John White

Personal information
- Full name: John White
- Born: 2 March 1855 Bulwell, Nottinghamshire, England
- Died: Unknown
- Batting: Unknown
- Role: Wicket-keeper

Career statistics
| Competition | First-class |
| Matches | 3 |
| Runs scored | 73 |
| Batting average | 18.25 |
| 100s/50s | –/1 |
| Top score | 62 |
| Balls bowled | – |
| Wickets | – |
| Bowling average | – |
| 5 wickets in innings | – |
| 10 wickets in match | – |
| Best bowling | – |
| Catches/stumpings | 4/2 |
- Source: Cricinfo, 28 July 2013

= John White (cricketer, born 1855) =

English cricketer

John White (2 March 1855 - date of death unknown) was an English cricketer. White's batting style is unknown, though it is known he played as a wicket-keeper. He was born at Bulwell, Nottinghamshire.

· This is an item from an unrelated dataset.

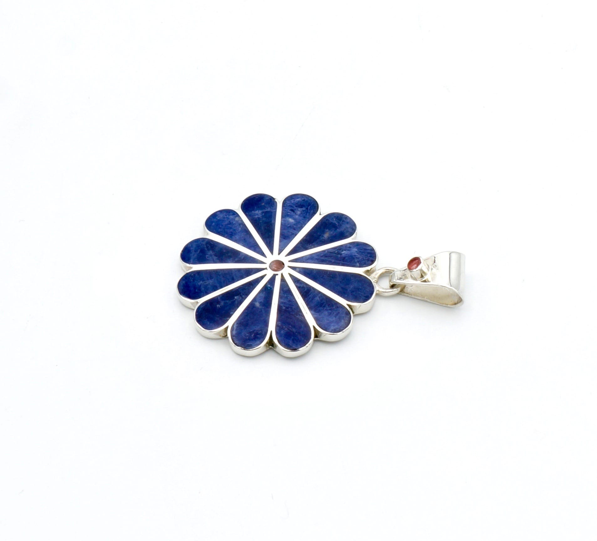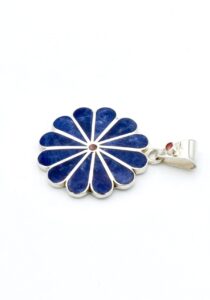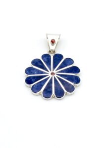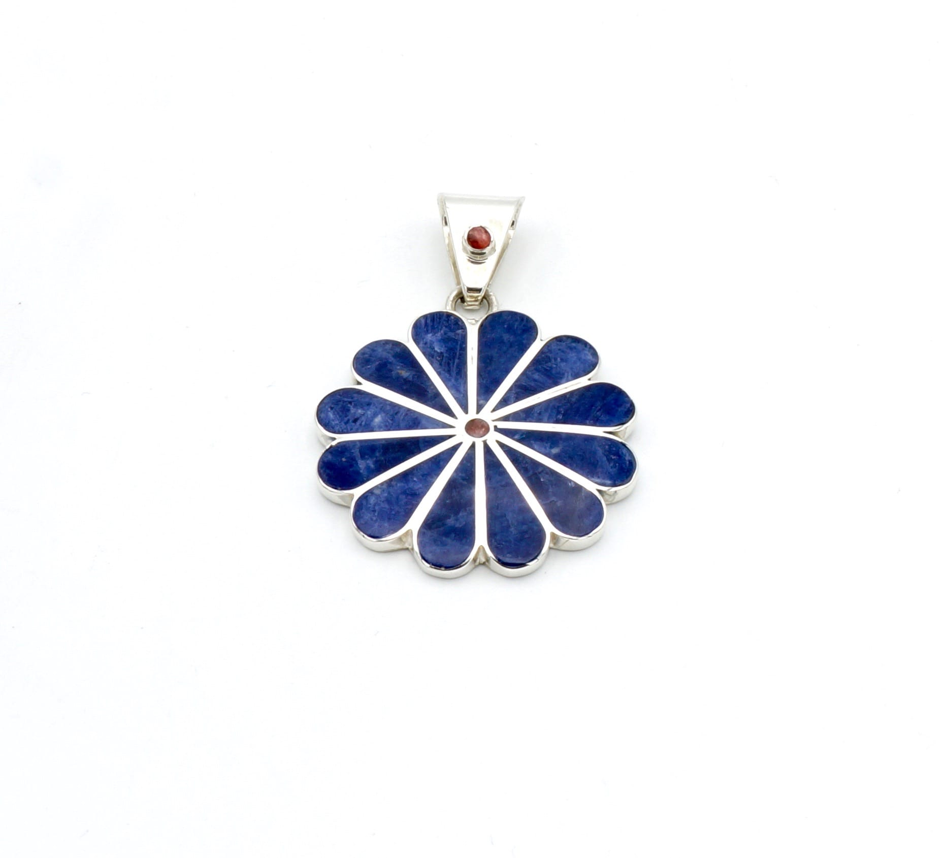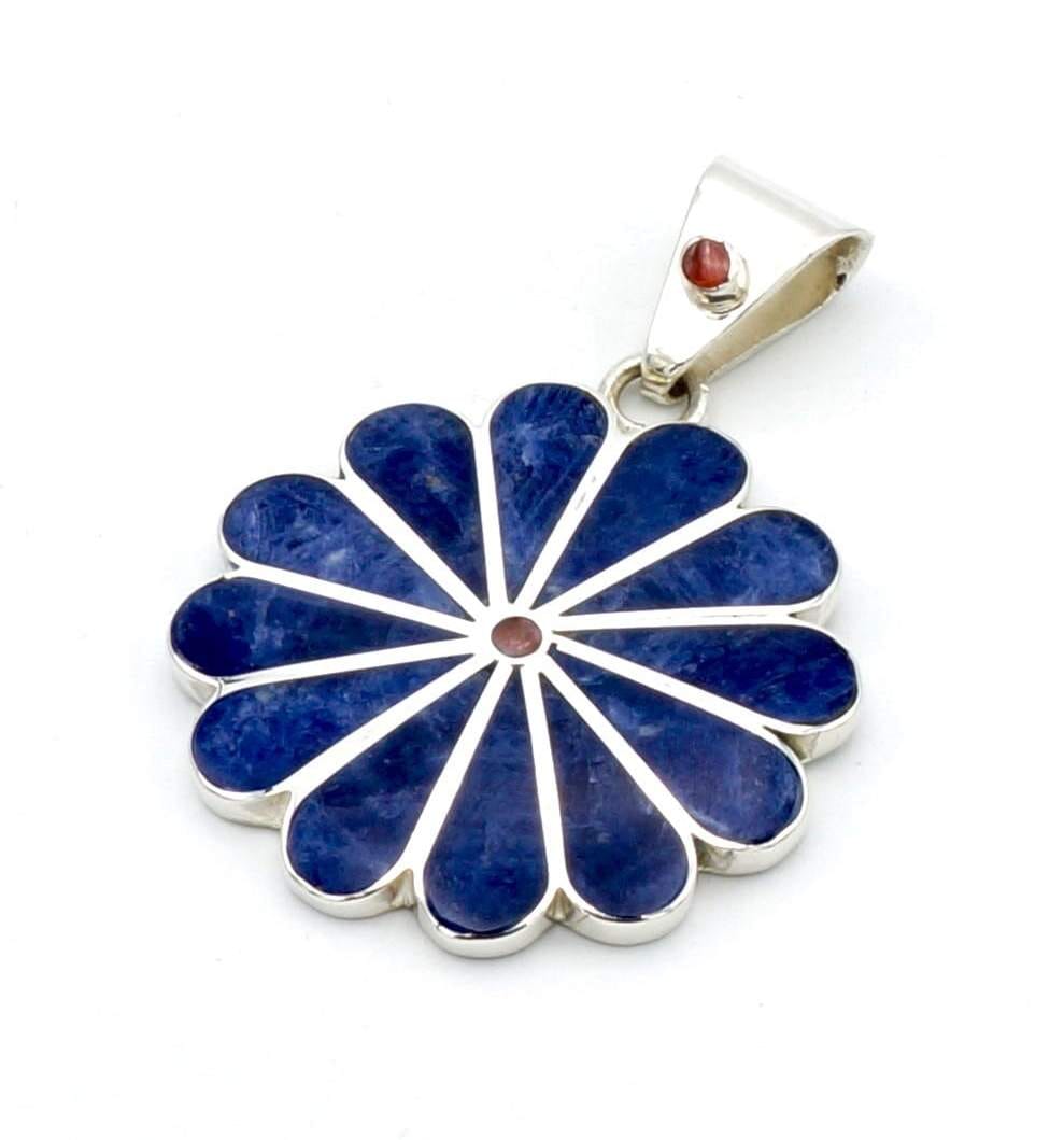 Deze mooie hanger is handgemaakt van verfijnde, exclusieve Sodaliet stenen, die perfect zijn ingelegd in een zilveren margriet ontwerp.

White made his debut in first-class for the North of England in the North v South fixture of 1886 at Lords', during which White scored 62 runs batting at number ten in a tenth record stand of 157 runs with John Parnham (who made 90 not out), in what was the highest wicket partnership of the innings. The North won the match by 9 wickets. In that same season he made a first-class appearance for Liverpool and District against the touring Australians, and followed this up with a second first-class appearance for the team in 1890 against Yorkshire. He ended his brief first-class career with 73 runs at an average of 18.25, with four catches and two stumpings to his name.